─── Supplied information
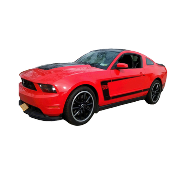 Check out the 2012 Ford Mustang Boss 302 in Competition Orange. With its 444 horsepower and 6-speed manual transmission, it is definitely an offspring of the 1969 and 1970 Boss 302.
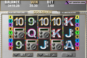 Goldbarz is one of the slot machines offered on IGT powered casinos, though it’s originally a NextGen title I believe. The game is themed around bank robberies, the inspiration coming from the gold bars that the safe crackers are supposedly after. There is a rather dated design unfortunately, plus a low number of paylines, so you get the idea quickly that it’s not going to be one of the more advanced titles you’ve ever played.
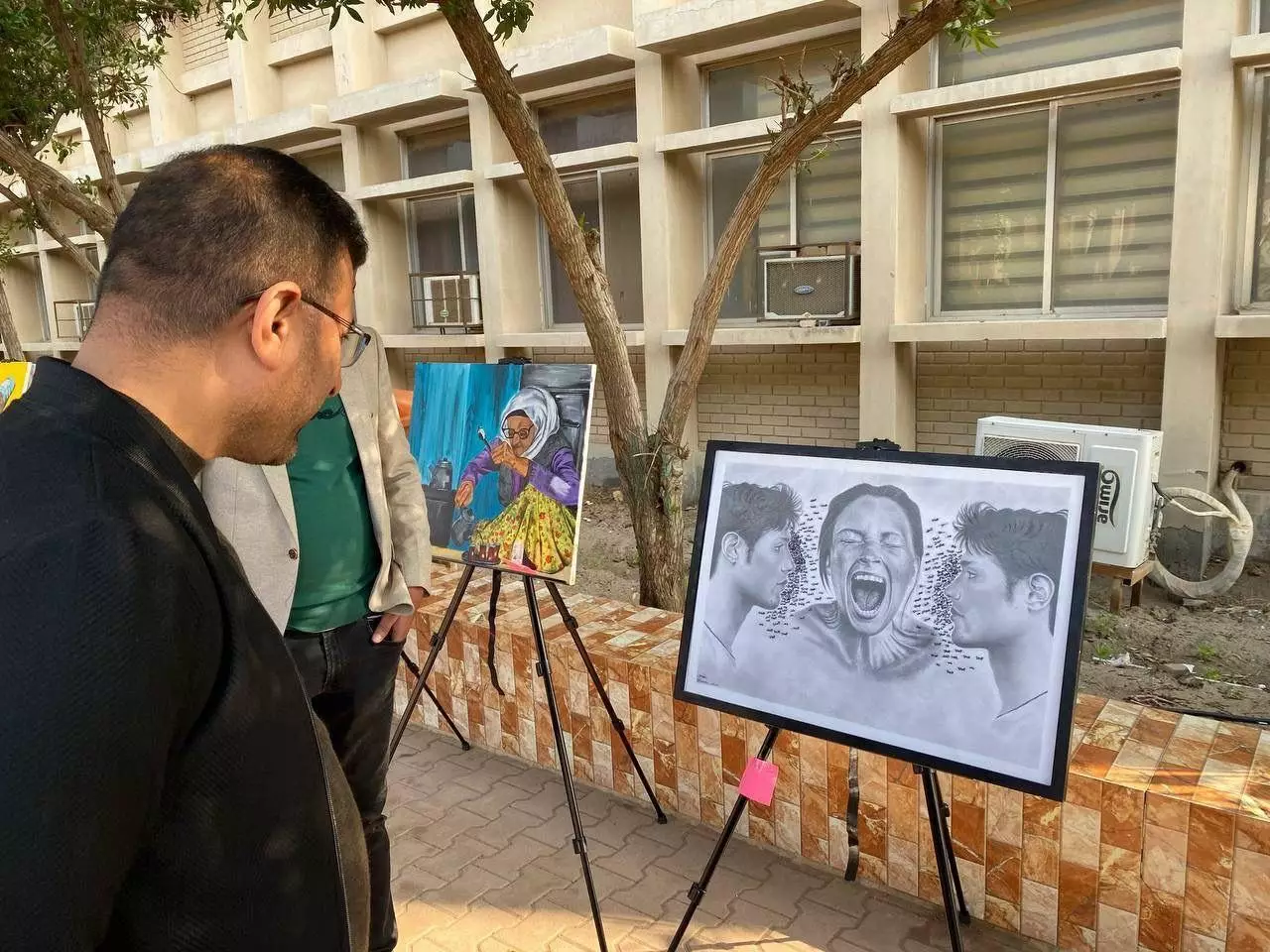 The conference included the participation of talented students from the departments of the college with various artistic paintings between drawing and Arabic calligraphy.
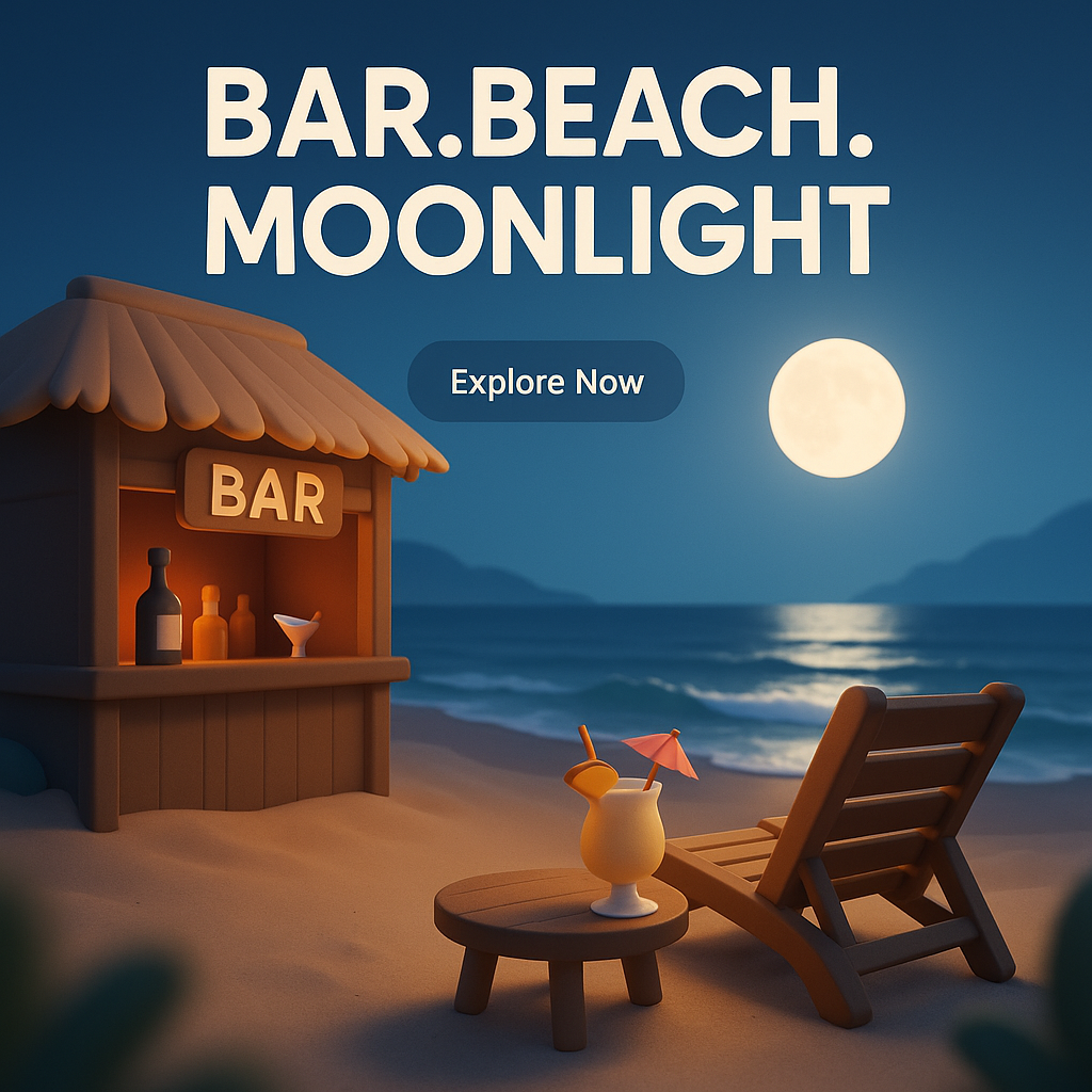A whimsical 3D illustration of a beach bar scene illuminated by moonlight, featuring a casual lounge chair and tropical drinks, ideal for vacation promotions or travel content.
──────
• Assignment: Reproduce the data above line for line, from its first line through the line containing "Goldbarz is one", both ends included, with the pictures omitted and nothing more.

• Answer to the problem:
 Check out the 2012 Ford Mustang Boss 302 in Competition Orange. With its 444 horsepower and 6-speed manual transmission, it is definitely an offspring of the 1969 and 1970 Boss 302.
 Goldbarz is one of the slot machines offered on IGT powered casinos, though it’s originally a NextGen title I believe. The game is themed around bank robberies, the inspiration coming from the gold bars that the safe crackers are supposedly after. There is a rather dated design unfortunately, plus a low number of paylines, so you get the idea quickly that it’s not going to be one of the more advanced titles you’ve ever played.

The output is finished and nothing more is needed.